5. The sharding of Ethereum is a multi-phase upgrade that will improve scalability and
capacity. Shard chains will provide additional, lower-cost storage layers for applications
and rollups. They allow Layer-2 solutions to offer low transaction fees while maintaining
Ethereum's security.
Sharding will complement layer 2 rollups by spreading the burden of handling the large
amount of data required by rollups across the entire network. This will continue to
reduce network congestion while increasing the number of transactions per second.
These shards will give Ethereum more capacity to store and access data but will not be
used for the execution of code.
Ultimately, sharding in Ethereum 2.0 will reduce the demand for all compute power,
storage, and network bandwidth linearly. However, this results in lower data availability,
and cross-shard transactions are required to validate data.
Polkadot
Polkadot is the next interesting entry among sharding blockchain projects. Sharding in
Polkadot means splitting up the work that occurs across multiple sub-blockchains. All of
these sub-blockchains are referred to as "parachains." It is a useful approach to
distributed database sharding and provides a more straightforward view of the
blockchain.
Each parachain has its own state-transition function designed specifically for a particular
use case. Different types of transactions have different specialized chains that efficiently
serve their users. Polkadot provides security as well as messaging functionality for all
parachains that are connected.
6. Computations performed by each shard on Polkadot are inherently independent, which
increases network capacity. However, because there is no way to validate data between
shards, dispersed mining reduces data availability and security.
NEAR
Sharding is the key aspect behind the NEAR Protocol’s design. NEAR follows the
concepts of Nightshade and Dynamic Resharding, both will be introduced in 2023 to
increase scalability. Nightshade will enable keeping a single data chain while dividing
the computing required to keep this data into "chunks." These chunks are processed by
nodes, which add information to the main chain.
Nightshade architecture allows for fewer potential points of failure in terms of security,
as participating nodes are only responsible for maintaining smaller sections of the chain.
Additionally, the blockchain is designed to allow any low-cost device to function as a
node in the network.
The idea of dynamic resharding will be introduced after nightshade. In dynamic
resharding, instead of a fixed number of shards, the network on NEAR will adjust the
number supported regularly based on user demand. NEAR can reduce the average cost
of using the network while maintaining the potential for high transaction throughput by
dynamically adjusting the number of shards used.
Conclusion
Sharding, which divides a blockchain network into separate shards, can help reduce
network latency or slowness. This has the potential to accelerate the adoption of
blockchain technology across a wide range of industries, especially the financial sector.

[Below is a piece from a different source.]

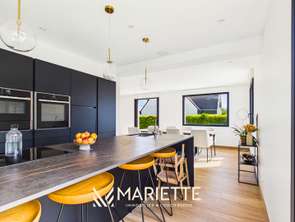 A l'intérieur, l'atmosphère se veut chaleureuse et épurée. Les volumes généreux sont subtilement mis en lumière dans chaque pièce, offrant une sensation d'espace et de sérénité. Les nombreuses ouvertures traversantes permettent une agréable exposition est-ouest, invitant naturellement la lumière à accompagner les espaces de vie vers le jardin. Les vues dégagées sur les extérieurs rappellent à chaque instant le calme et la douceur de ce cadre privilégié.
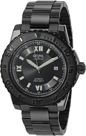 Gevril Black PVD Black Dial Luminous Hands Swiss Made Automatic Bracelet Date Watch

If transactions can be completed more quickly, fintech businesses that use blockchain
technology may find competing with centralized payment systems easier.
7. However, it is worth noting that the application of sharding to blockchain networks is
currently in the preliminary testing phase. The benefits of sharding are not guaranteed,
and it may pose some security risks. Also, sharding is not the only way to achieve
scalability. Other solutions, such as layer 2 scaling solutions are also available.